Após acidente no Recreio, Alerj estuda projeto de lei que propõe maior fiscalização de helicópteros no Rio

O deputado estadual Cláudio Caiado (PSD) protocolou um projeto de lei na Assembleia Legislativa do Rio (Alerj) para ampliar o monitoramento e a transparência de operações aéreas em áreas urbanas. A proposta foi enviada após o acidente entre dois helicópteros no Recreio dos Bandeirantes, que resultou na morte de seis pessoas no último domingo (14).

O projeto a ser analisado pela Alerj estipula sanções administrativas para o descumprimento de normas, com punições que passam por advertência, multa e suspensão de convênios com o Estado. A medida também obrigaria o uso contínuo do transponder, aparelho que transmite a localização da aeronave em tempo real, para facilitar a identificação de voos irregulares.

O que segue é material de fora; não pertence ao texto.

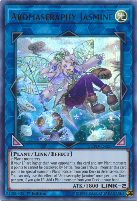 2 Plant monsters If your LP are higher than your opponent's, this card and any Plant monsters it points to cannot be destroyed by battle. You can Tribute 1 monster this card points to; Special Summon 1 Plant monster from your Deck in Defense Position. You can only use this effect of "Aromaseraphy Jasmine" once per turn. Once per turn, if you gain LP: Add 1 Plant monster from your Deck to your hand.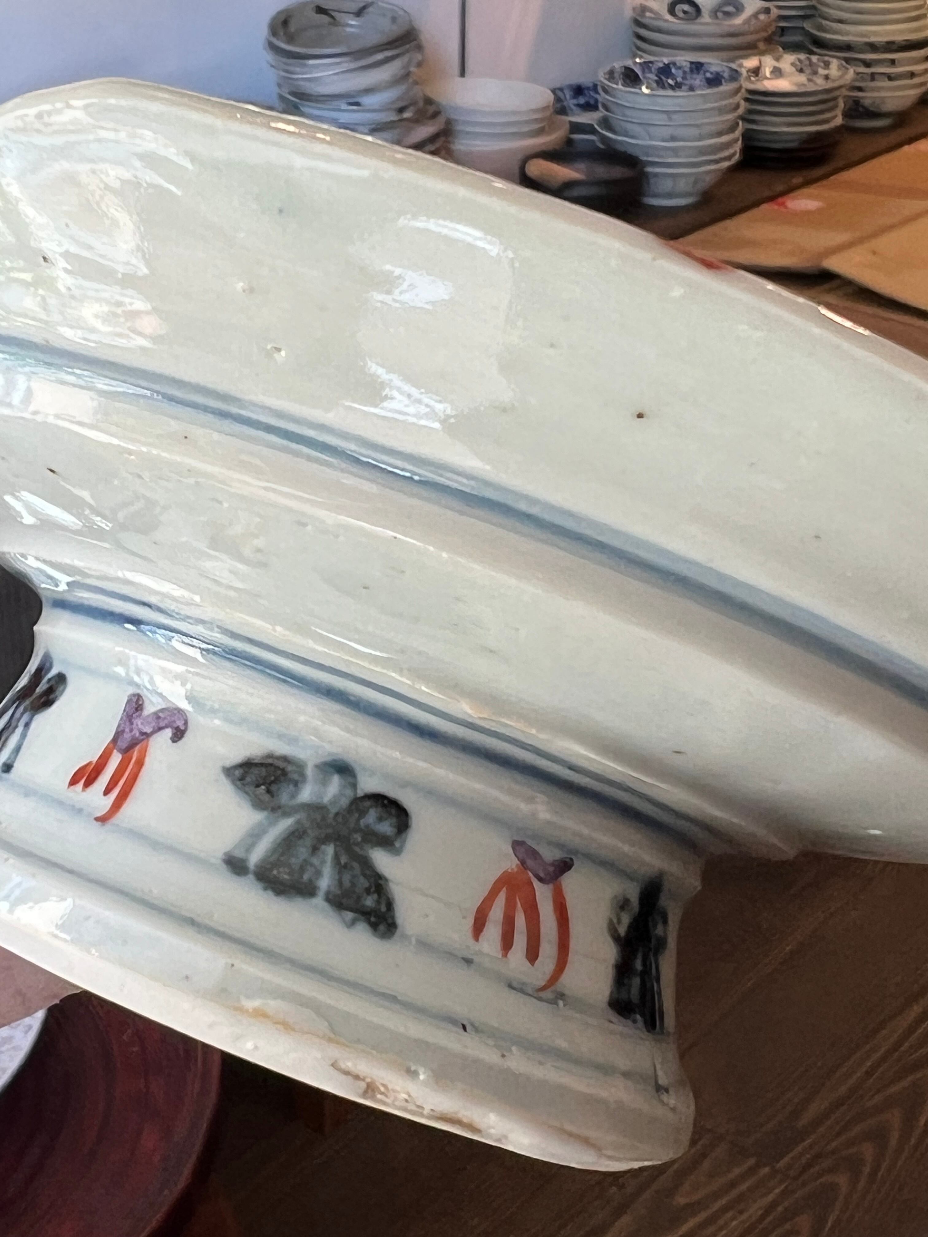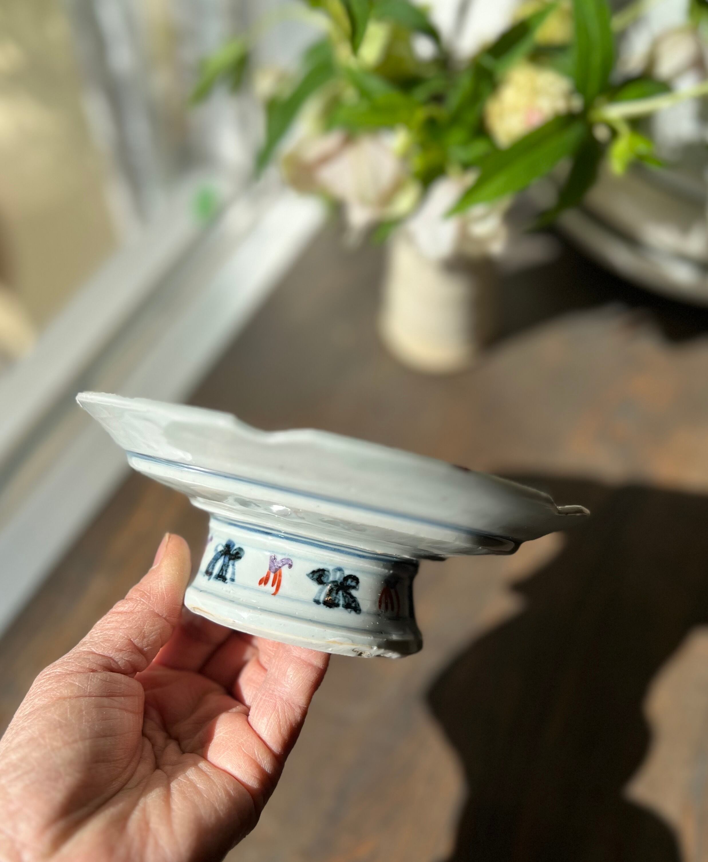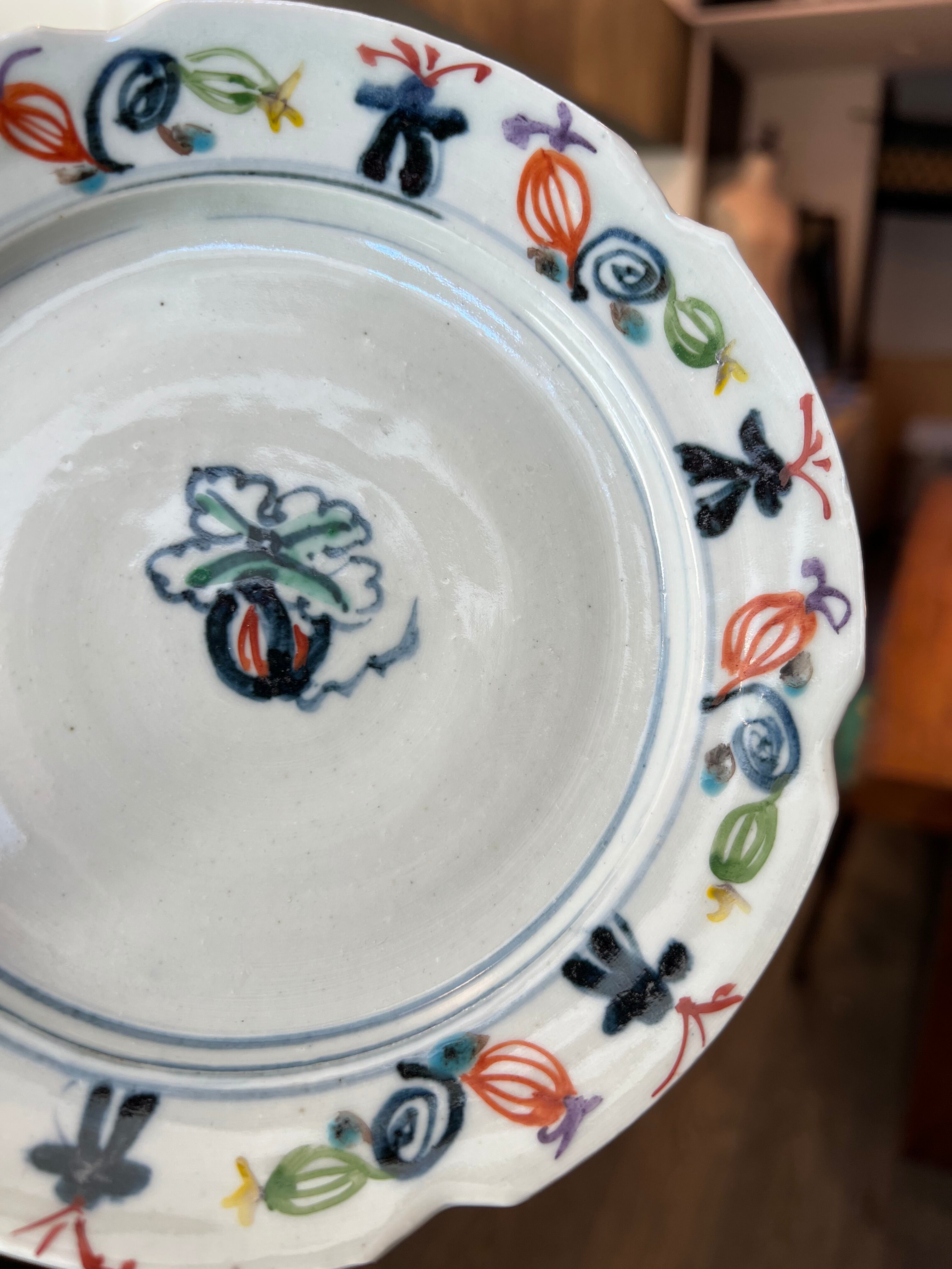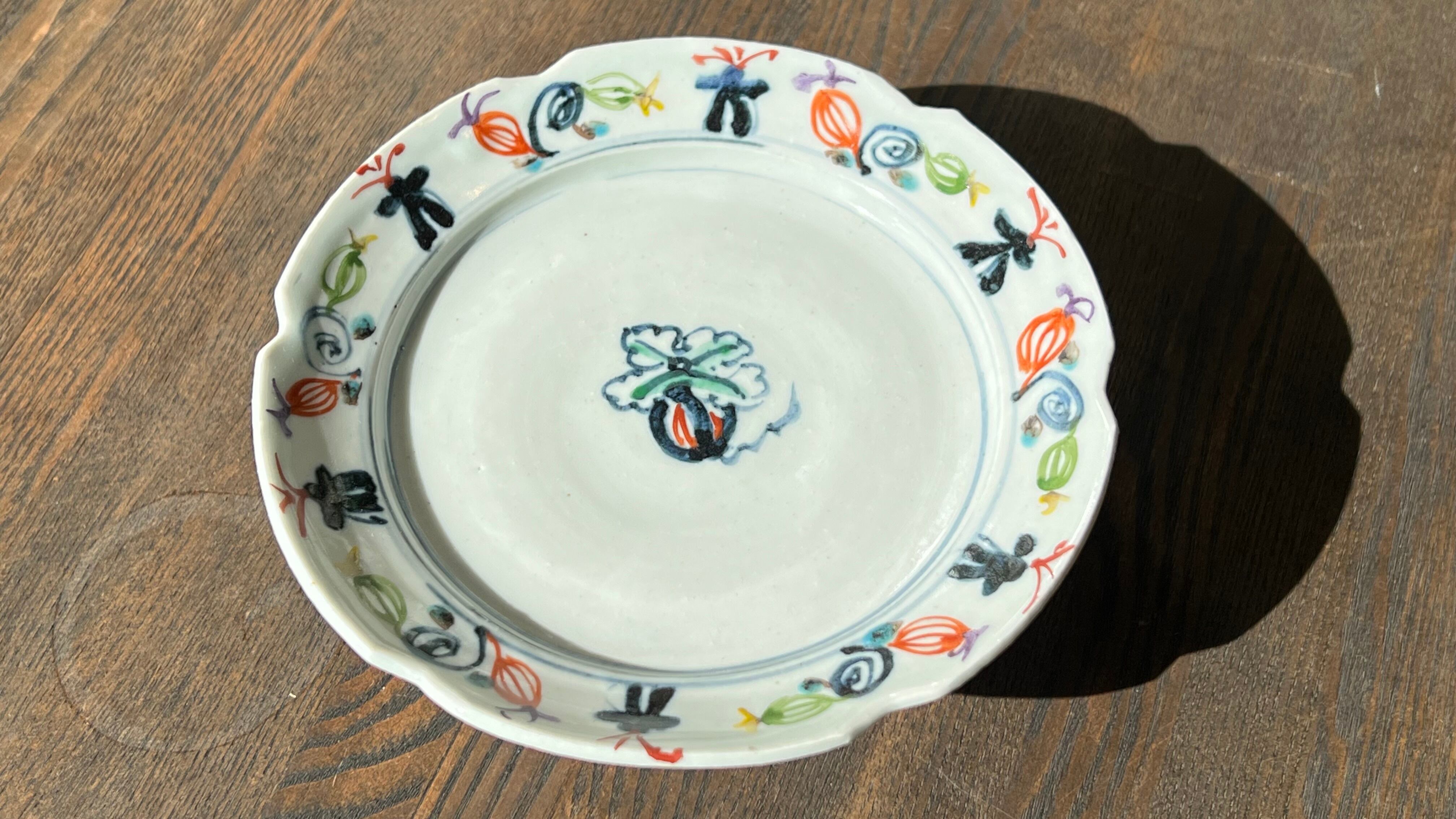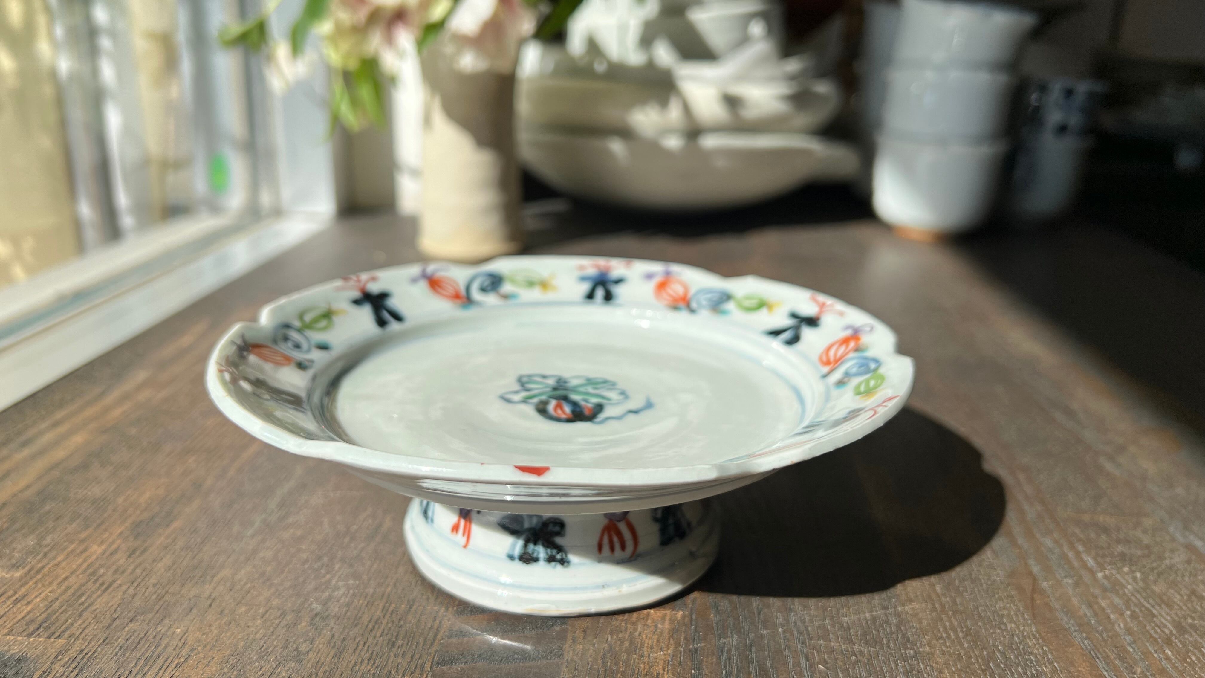 見込み中央に瓜文、周りの縁には色とりどりの瓜、蔓、兜の絵がいっぱい。高台の周りにもいっぱい描かれていて、とにかく楽しい高台向鉢です。3点唐津から来ましたが、手作りのため若干大きさに違いがあります。ご了承ください。※一点のお値段です。

De acordo com o vereador, o projeto respeita as competências federais sobre o espaço aéreo e foca em parcerias institucionais para combater irregularidades nos voos.

“A tragédia recente envolvendo aeronaves na cidade reforça a necessidade de aperfeiçoar os mecanismos de acompanhamento das operações aéreas, sempre com foco na proteção da vida, na segurança da população e na prevenção de novos acidentes. Esse é o nosso objetivo com o projeto”, disse Caiado.

Projeto enviado à Alerj propõe canal de denúncias

O plano prevê a integração de imagens de segurança de condomínios próximos a aeródromos e helipontos aos sistemas de vigilância estaduais, como o Civitas e o 190 Integrado.

Além disso, caso aprovada, a medida prevê a criação de uma plataforma virtual e telefônica para que a população envie denúncias, fotos e vídeos sobre manobras perigosas. A proposta também determina a publicação anual do Relatório Estadual de Segurança das Operações Aéreas com estatísticas de acidentes e dados de voos em baixa altitude.

34% dos voos na região desrespeitaram a altitude mínima

Duas semanas antes da ocorrência, Caiado e Hugo Leal (PSD) enviaram ofícios com pedidos de fiscalização à Anac e ao Decea devido a relatos históricos de moradores sobre voos imprudentes nas regiões da Barra da Tijuca e do Recreio.

Dados divulgados pelo Decea apontam que 34% dos voos com origem ou destino no Aeroporto de Jacarepaguá desrespeitaram a altitude mínima exigida. Esse índice de descumprimento foi detectado por um sistema de monitoramento de trajetórias implementado no final de 2025, fruto de cobranças anteriores da bancada parlamentar.